1. **Analysis Phase**: User pastes GitHub repo URL → Claude analyzes the MCP server code → extracts package name, required credentials, available tools
2. **Configuration Phase**: Platform generates dynamic credential form based on analysis → user enters API keys securely
3. **Deployment Phase**: Backend encrypts credentials → spins up Fly.io container → injects environment variables → starts MCP server
4. **Usage Phase**: Claude connects to stable endpoint → calls tools → gets results

### Key Technical Decisions

**Frontend: Next.js 15** (App Router, React 19)
- Why: Modern React, server components, excellent TypeScript support
- Risk: Bleeding edge (App Router still maturing)
- Mitigation: Stick to stable patterns, extensive testing

**Backend: FastAPI** (Python 3.12)
- Why: Modern async Python, automatic OpenAPI docs, excellent type hints
- Risk: I don't know Python well
- Mitigation: AI excels at Python - let it generate, I'll validate

**Database: PostgreSQL 15+** (Fly.io managed)
- Why: Production-ready, JSON support, reliable
- Risk: Fly.io clusters can be fragile
- Mitigation: Document recovery procedures (spoiler: I needed them)

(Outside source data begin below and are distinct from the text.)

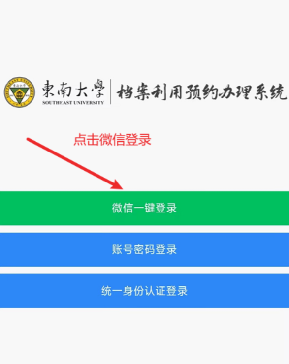 首先登录档案利用远程预约系统网页端(登录地址 https://dayy.seu.edu.cn/ ) |
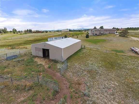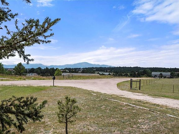 Almost 20 acres on a quiet cul-de-sac w/ a meticulously maintained rancher in Black Forest w/ exceptional Pikes Peak views, a walk-out basement and a 40x40 barn! The home is open and bright w/ tons of large windows for natural light. Great room with gas log fireplace, vaulted ceilings, walk-out to the back deck. Open kitchen with an abundance of cabinets, hardwood floors, pantry, granite counters, new stainless steel appliances including a double oven, recessed lighting and breakfast bar. Located in a horse friendly community with no HOA. Main level master bedroom w/ private full bath featuring a double vanity and a walk-in closet. Finished and spacious walk-out basement with home theater, 2 additional bedrooms, full bath and spacious family room with walk-out to the lower level patio. Open concept dining room with large bay window and hardwood floors. The 40x40 barn has water, electric, 2 stalls, hay storage and tack room with additional space for a workshop, storage or tractor.
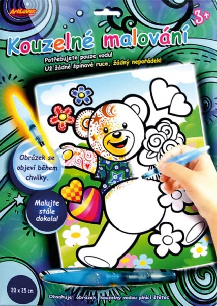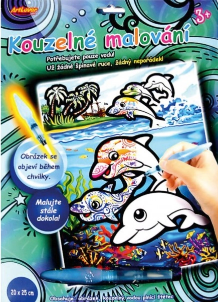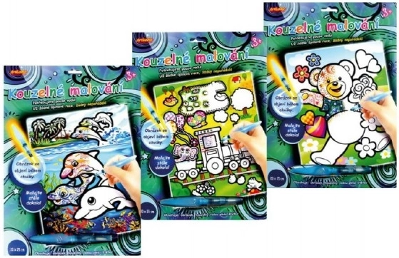 Вълшебното рисуване с вода е идеалният начин да забавлявате вашите малки творци. Нужна е само вода и цветните картинки се появяват веднага щом навлажните специалния бял слой. След няколко минути изсъхване картината отново се покрива с бял цвят, така че можете да рисувате непрекъснато отново и отново.
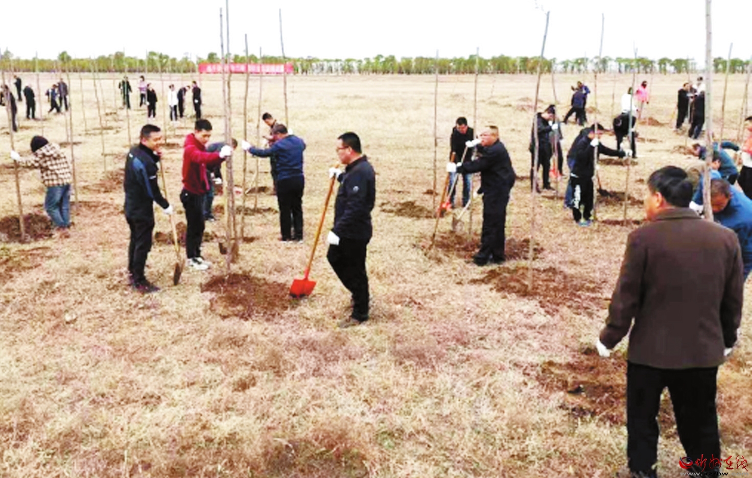 4月13日上午,市生態(tài)環(huán)境局定襄分局在滹沱河定襄縣受祿鄉(xiāng)段開展義務(wù)植樹活動(dòng)。植樹現(xiàn)場(chǎng),大家分工協(xié)作,揮鍬挖坑、扶苗澆水,共植樹百余株。該分局還在現(xiàn)場(chǎng)懸掛“積極開展高速沿線環(huán)境綜合整治 持續(xù)改善全縣生態(tài)環(huán)境質(zhì)量”的宣傳標(biāo)語,營(yíng)造生態(tài)環(huán)境保護(hù)工作良好氛圍。(本報(bào)記者 張劍雄 攝)
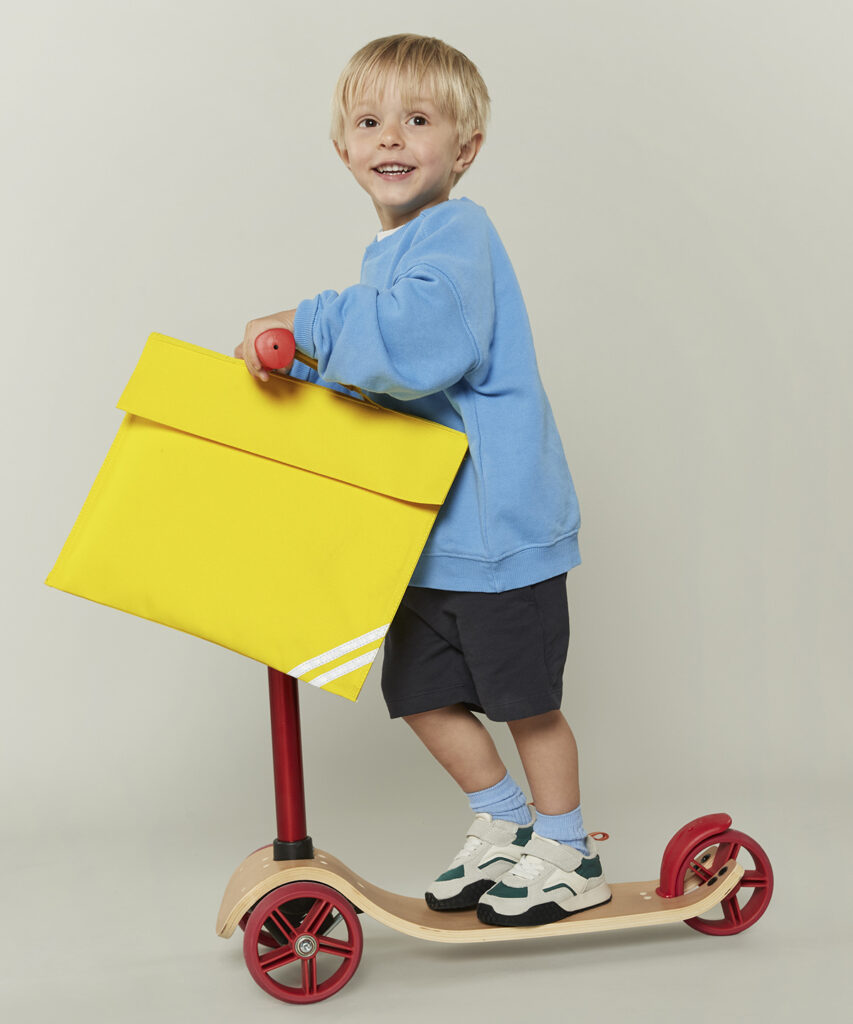 Enchanced-viz reflective stripes, name card holder. Rip-Strip closure. Padded handle. BSCI certified. Reach certified.
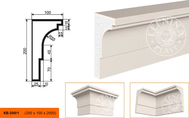 Карниз КВ-200/1 производителя LEPNINAPLAST изготовленный из полистирола высокой плотности, который покрыт эластичной шпатлевкой PS Technoplaster, покрытие абсолютно устойчиво к атмосферным и механическим повреждениям. Карниз является декоративным элементом, используемым монтажа под кровлю или межэтажным разделением. Он обладает рядом преимуществ, таких как легкий вес, прочность, устойчивость к влаге. Их установка также относительно проста. Карниз может использоваться как в новом строительстве, так и при реставрации старых зданий для придания им нового внешнего вида. Перед покраской не требуется обязательная покрытие грунтовкой, для склеивания изделий между собой рекомендуется использовать клея: CERESIT CT 84, PENOSIL FIXGo, TYTAN STYRO 753.
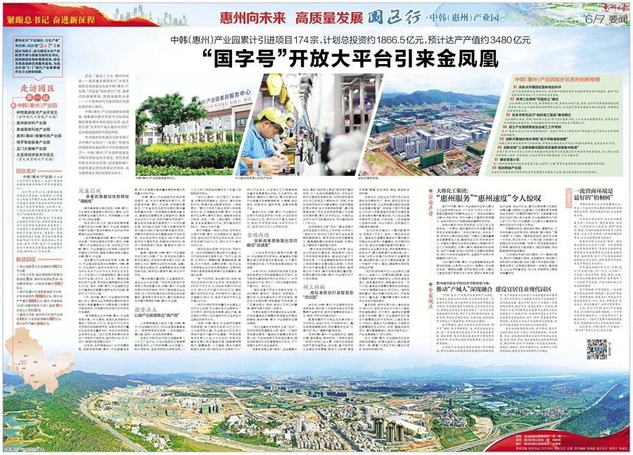 《惠州日?qǐng)?bào)》8月2日專題報(bào)道“喜迎二十大 惠州向未來(lái)——高質(zhì)量發(fā)展園區(qū)行”大型主題采訪活動(dòng)首站走進(jìn)中韓(惠州)產(chǎn)業(yè)園。
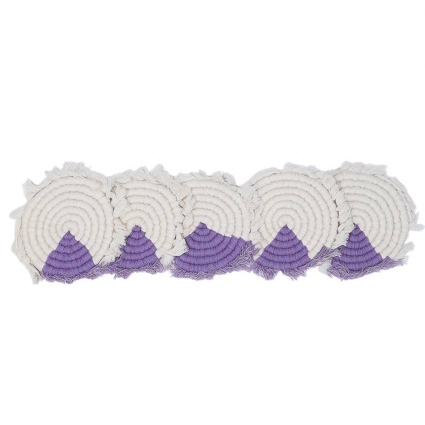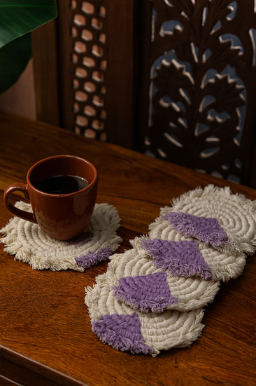 Handmade Purple Macrame Cotton Coasters Set | Boho Table & Home Décor
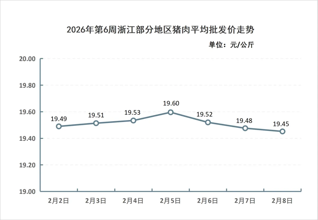 据浙江放心肉商情网对全省80家屠宰厂(场)日报监测统计,2026年第6周(2月2日-2月8日),全省生猪屠宰上市量27.01万头,生猪平均收购价为14.83元/公斤,猪肉平均批发价为19.51元/公斤。
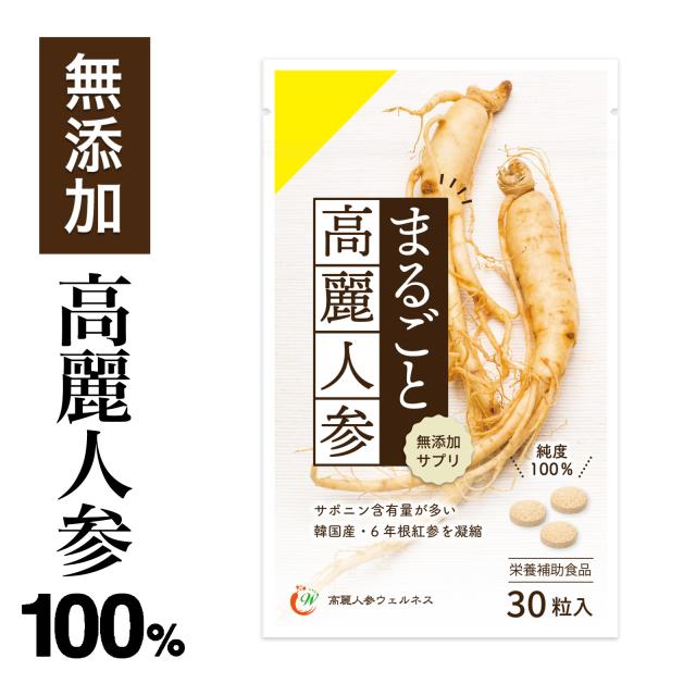 まるごと高麗人参30粒(6年根・高麗紅参粉末100%)/ 高麗人参サプリ 朝鮮人参 無添加サプリメント ginseng

**Infrastructure: Fly.io** (Machines API)
- Why: Firecracker VMs, isolated containers, simple API
- Risk: More complex than serverless
- Mitigation: Reference implementations exist

**Encryption: Fernet** (symmetric encryption)
- Why: Simple, secure, audited
- Risk: Key management critical
- Mitigation: Fly.io secrets, never logged

**MCP Transport: Streamable HTTP** (2025-06-18 spec)
- Why: Latest MCP standard, replaces deprecated SSE
- Risk: Very new spec, limited examples
- Mitigation: Close reading of spec, iterative testing

## The AI Orchestration Strategy

This is where it gets interesting. I wasn't just using **one** AI assistant - I orchestrated **multiple AI systems** with different roles:

### Stage 1: Prompt Refinement
**Tool**: Custom prompt builder

I started with a plain English idea:
> "I want to deploy MCP servers from GitHub to the cloud"

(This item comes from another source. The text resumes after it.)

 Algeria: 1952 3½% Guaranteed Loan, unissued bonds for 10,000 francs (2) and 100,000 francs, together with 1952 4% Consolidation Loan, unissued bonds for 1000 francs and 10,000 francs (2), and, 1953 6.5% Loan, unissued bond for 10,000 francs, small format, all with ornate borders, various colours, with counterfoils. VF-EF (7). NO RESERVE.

Then refined it into a detailed specification:
> "Build a platform that accepts GitHub repo URLs, uses Claude API to analyze and extract MCP server configuration (package name, env vars, tools/resources/prompts), generates dynamic credential forms, encrypts credentials with Fernet, stores in PostgreSQL, deploys to Fly.io Machines with isolated environments, and implements MCP Streamable HTTP (2025-06-18 spec)."

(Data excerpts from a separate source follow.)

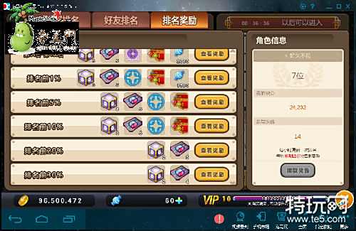 武陵道场只有排名在90%以内才可以获得奖励。而排名910%的奖励只是简单的普通扭蛋卷和强化卷V,这些对目前的玩家来说是没有多大用途的,非要说有用那就是扭蛋卷了,但是一个星期一次的奖励,你还能指望这个十连抽?
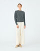 セミワイドシルエットでリラックス感がありつつも、ヒップまわりをコンパクトすることですっきりと着こなせる一着。
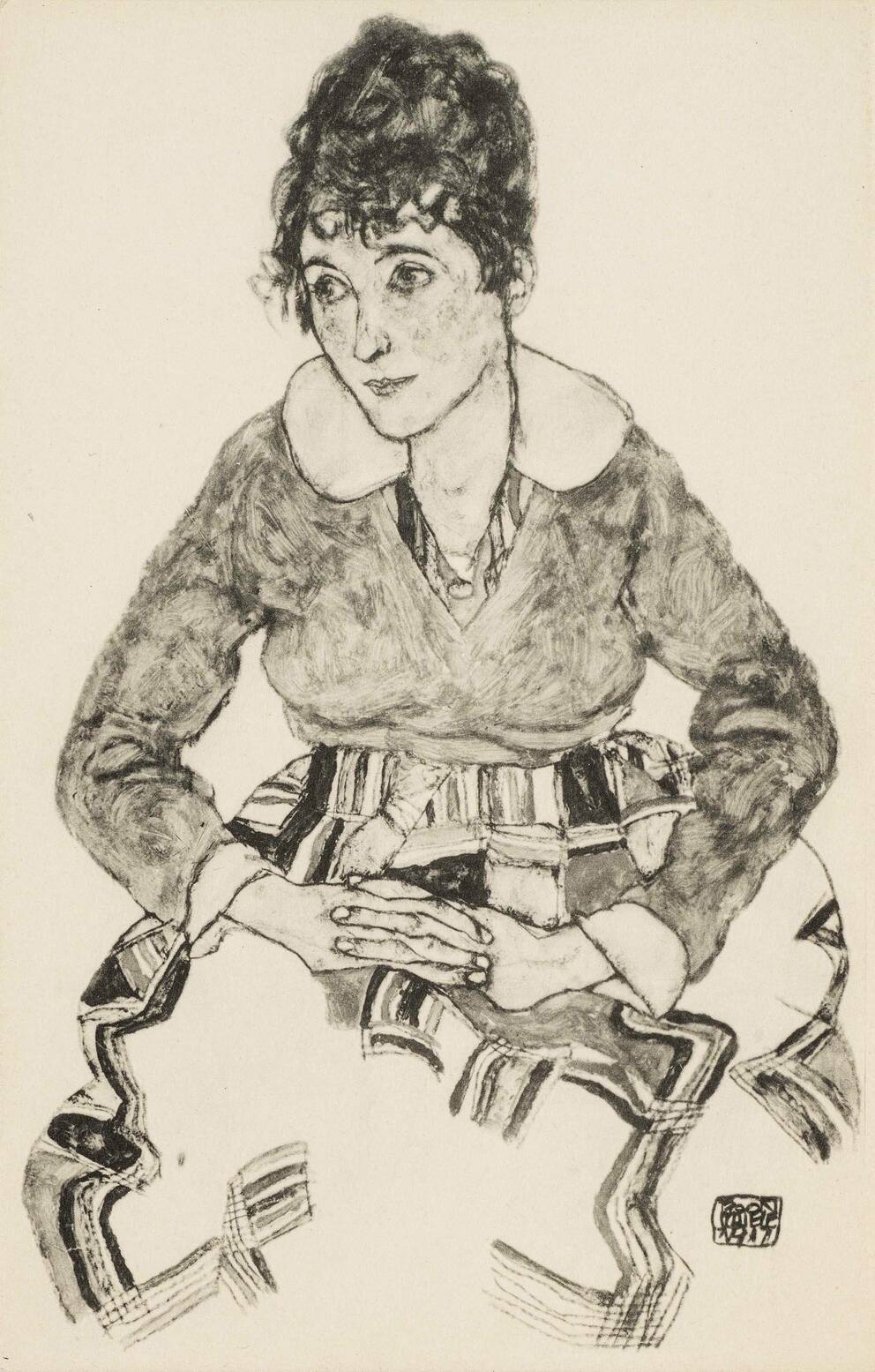 Postcard with Motif by Egon Schiele: Portrait Edith Schiele, 1917
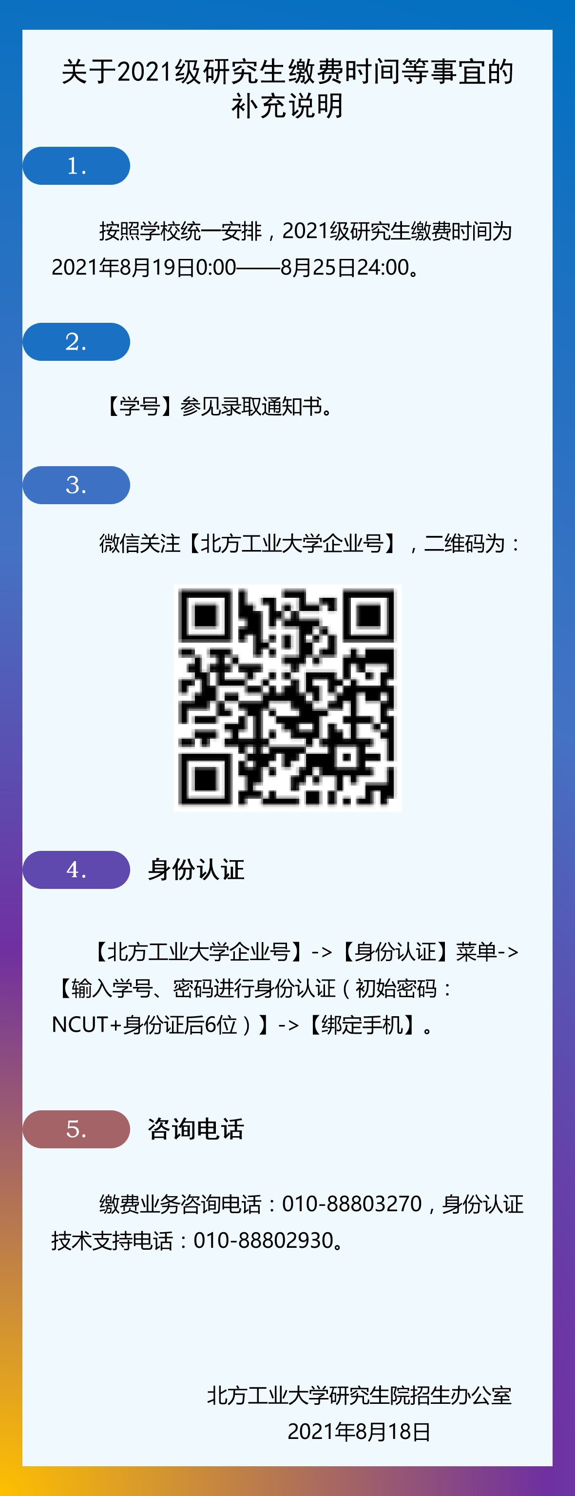 关于2021级研究生缴费时间等事宜的补充说明

**Why this matters**: Specific prompts = specific code. Vague prompts = vague results.

### Stage 2: Multi-AI Planning
**Tools**: GPT-4, Claude, Google Gemini

I submitted the refined prompt to all three AIs and compared architectural approaches. Where they agreed = probably good design. Where they disagreed = complexity indicator.

**Example consensus**:
- All recommended FastAPI for Python backend
- All suggested Pydantic for validation
- All recommended async SQLAlchemy

**Example discrepancy**:
- GPT-4 suggested asyncpg for PostgreSQL
- Claude & Gemini suggested psycopg3

I chose **psycopg3** (majority vote). Later proved correct when asyncpg failed with Fly.io's SSL parameters.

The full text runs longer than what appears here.